What could constrain Indian refiners is the lack of adequate crude processing capacity, said Vandana Hari, an oil expert and founder of Singapore-based Vanda Insights. With domestic demand on the rise Indian refiners will have to supply the local market first before looking to increase exports, she said. Domrestic demand for diesel and petrol increased by 12 per cent and 14 per cent respectively in Janjuary from a year earlier, according to oil ministry data.
India’s refining capacity has stayed stagnant at around 5 million barrels a day for lack of investments by Indian refiners as New Delhi started prioritizing EVs and biofuels. Moreover, the government was hoping that the first phase of a 1.2 million barrels a day green-field refinery project, with the participation of state oil companies of Saudi Arabia and UAE, proposed in 2016, would be ready by now. But the Ratnagiri refinery plant in Maharashtra is as good as shelved.
In April-December, Indian refiners processed 5.03 million barrels a day of crude, more than the installed capacity. Refiners in Singapore and elsewhere operate at around 80 per cent, giving them leeway to boost runs. But since Indian refiners already operate above capacity, Hari said, they have little juice left in their machinery to supply more diesel to Europe.
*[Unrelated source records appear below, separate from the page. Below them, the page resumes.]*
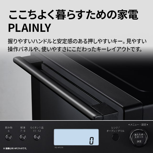 商品名 シャープ 過熱水蒸気オーブンレンジ RE-WF276 メーカー シャープ メーカー型番 RE-WF276-W、RE-WF276-B カラー ホワイト、ブラック メーカー保証期間 1年間 電源 交流100V 50-60Hz共用 外形寸法 幅465×奥行385×高さ390(mm) ハンドルを含む奥行437(mm) 庫内有効寸法 幅350×奥行325×高さ225(mm) 総庫内容量 27L 質量 約13kg 電源コードの長さ 約1.4m レンジ 定格消費電力:1400W
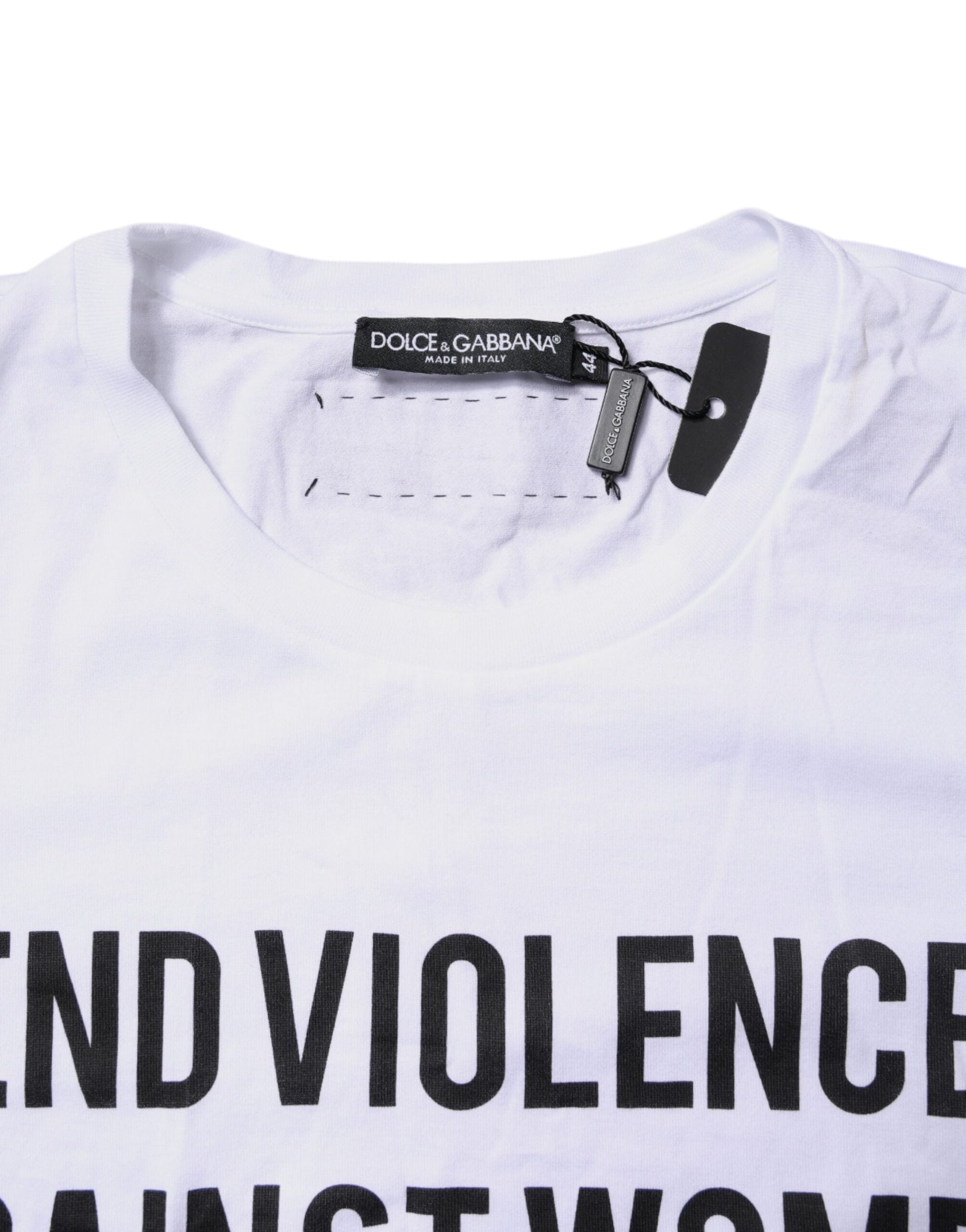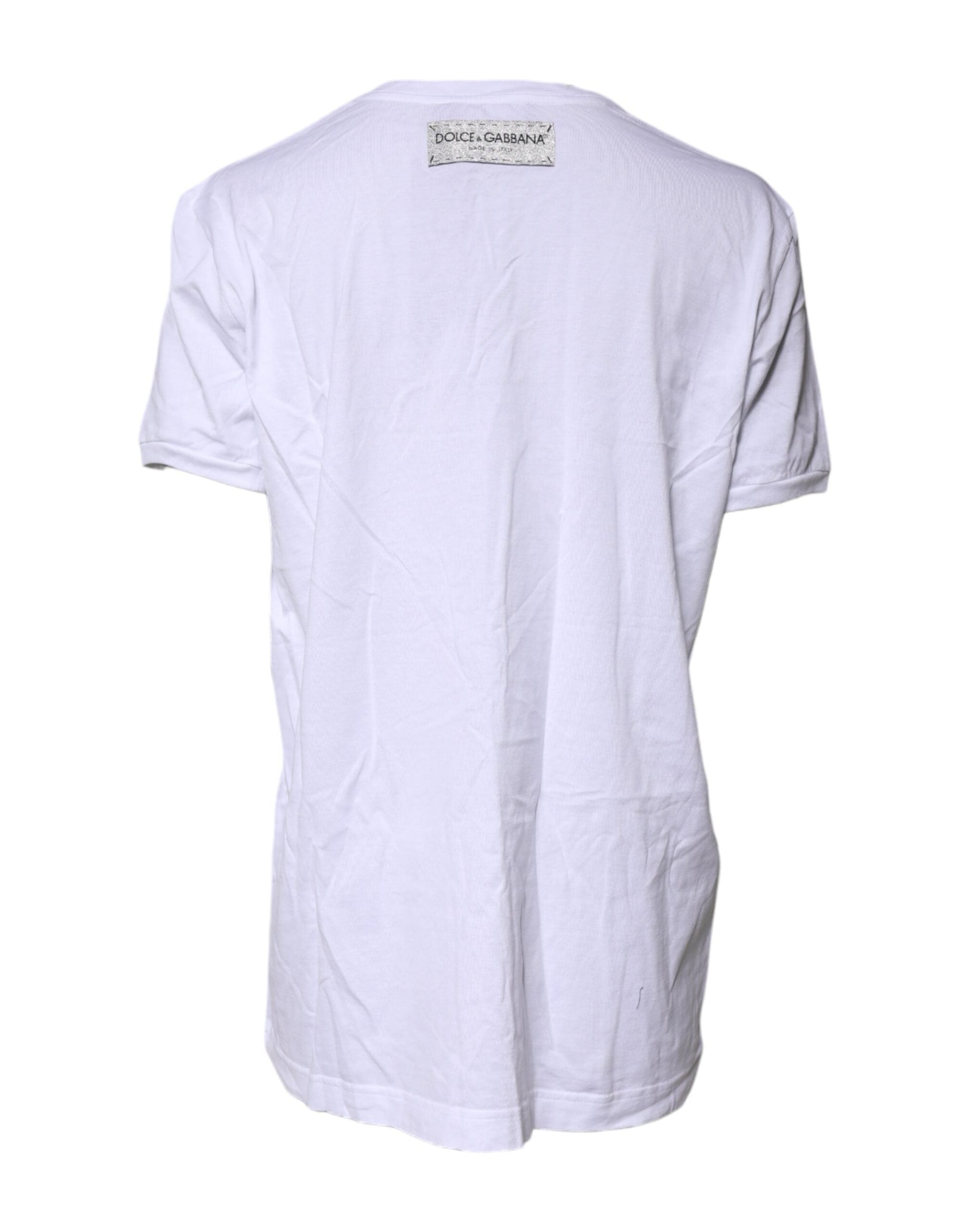 Dolce & Gabbana White Cotton Printed Round Neck Top T-shirt
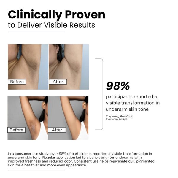 - CONVENIENT TO USE: Our roll-on design offers a hassle-free and straightforward application, making it an ideal choice for daily use. It glides on smoothly and swiftly, leaving no sticky or greasy residue, ensuring you feel fresh and dry throughout the day. With consistent use, you’ll observe a more even and radiant underarm area.

EU's decision to ban import of petroleum products is expected to significantly impact Russian refiners in the short-term because product exports to Europe accounted for 54 per cent of total Russian product exports in 2021, said CRISIL Research. Europe imported around 700,000 barrels a day of diesel from Russia, a little less than half of what India consumes. Overall, the EU used to import over one million barrels a day of Russian fuels and 2.5 million barrels a day of Russian crude.
That may force Russia to ship more crude to Asia if it fails to find markets elsewhere. What began as a temporary measure for Indian refiners last year, who, enticed by deep discounts, began buying Russian crude, is turning more permanent and profitable. The price cap on Russian oil by the US-led G7 nations and stringent penalties for violations, which some thought would cripple Russian supplies, has only increased flows of Russian oil to Asia.
India imported 1.13 million barrels a day of Russian crude in November, a month prior to G-7s Russian crude oil ban, according to Indian customs data. Imports rose to a record 1.42 million barrels a day in January, according to commodity market intelligence provider kPler.
Russia is offering good prices, so Indian refiners are happy purchasing crude from Russia, oil minister Hardeep Puri said at India Energy Week in Bengaluru.